Rivara, who was founding director of Harborview Injury and Research Center, did early research proving the safety benefits of helmets. That supported the proliferation of helmet laws in the 1990s, including King County’s 1993 law.

“There’s pretty clear evidence wearing helmets is protective and helmet laws increase helmet use,” Rivara said.

Rivara is among a cluster of renowned experts in head-injury prevention in Seattle. They’re part of the area’s strong history of public-safety leadership, which also includes Medic One’s pioneering life-support services.

In passing its helmet law, King County cited their work and its own medical examiner and death-review data, showing that half the local bicyclists killed around that time weren’t wearing helmets and 80 percent of children killed weren’t wearing them.
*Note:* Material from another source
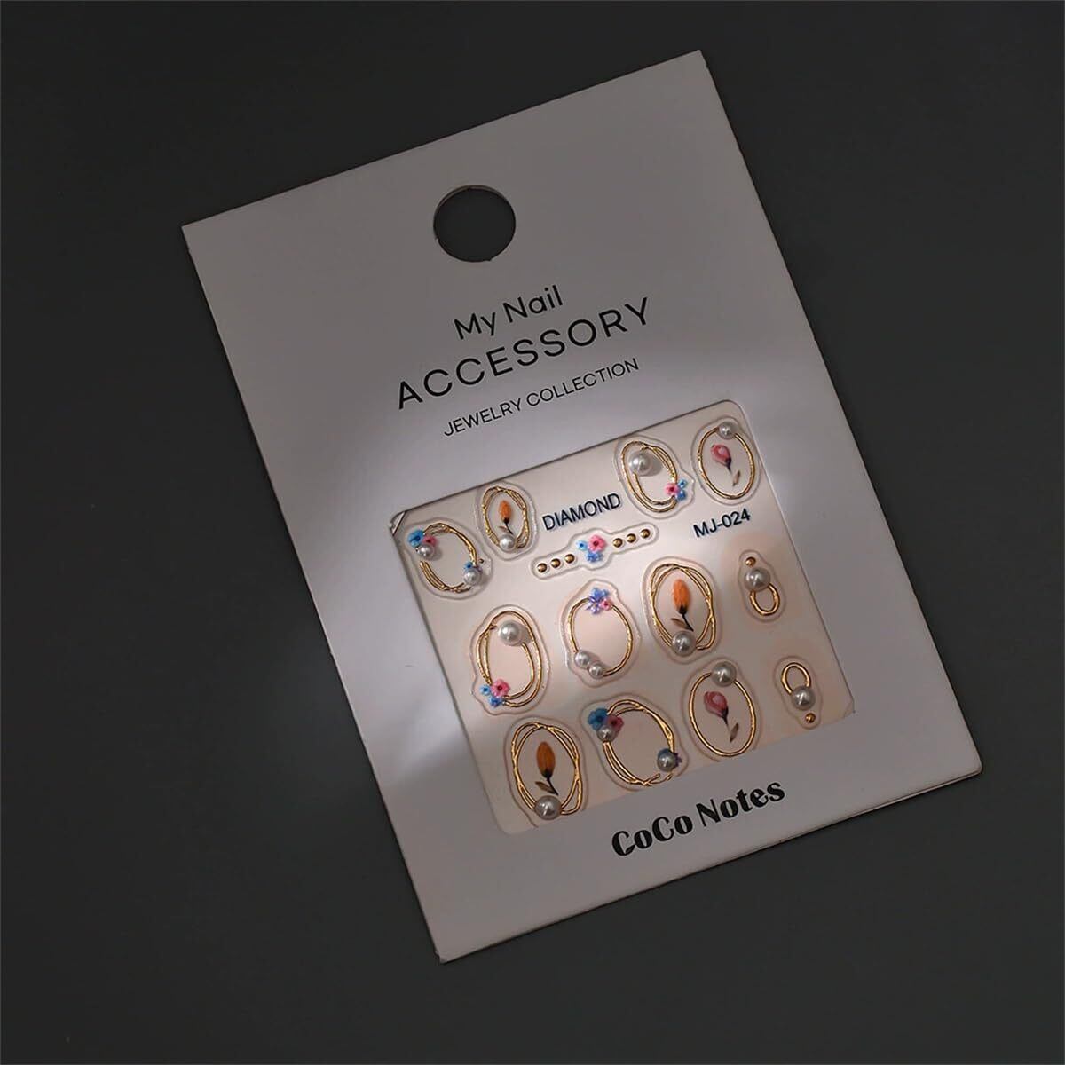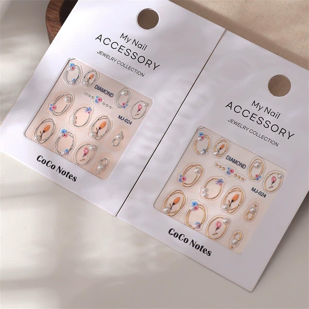 【在庫処分】DUOLEIMI ネイルシール フレーム ネイルステッカー パール ネイルデコシール 3D 貼るだけ 枠 金 銀 額縁 ジェルネイルシール ジュエリーストーンシール 立体感 2枚セット (MJ-024) | Lumisfera

Safety continues to be a local priority. Seattle Mayor Ed Murray and the City Council recently emulated other cities in cutting residential speed limits to 20 miles per hour in the name of safety.

The few seconds it takes for the relatively small number of cyclists to don a helmet are negligible compared with the cumulative inconvenience and delay that lower speed limits create for hundreds of thousands of drivers. If safety is paramount, helmet laws must remain and also be enforced.

There’s no justifiable reason to soften King County’s helmet law, especially not for Pronto. Seattle’s quixotic bike-rental business isn’t worth another dollar, much less a policy change that risks a single additional head injury.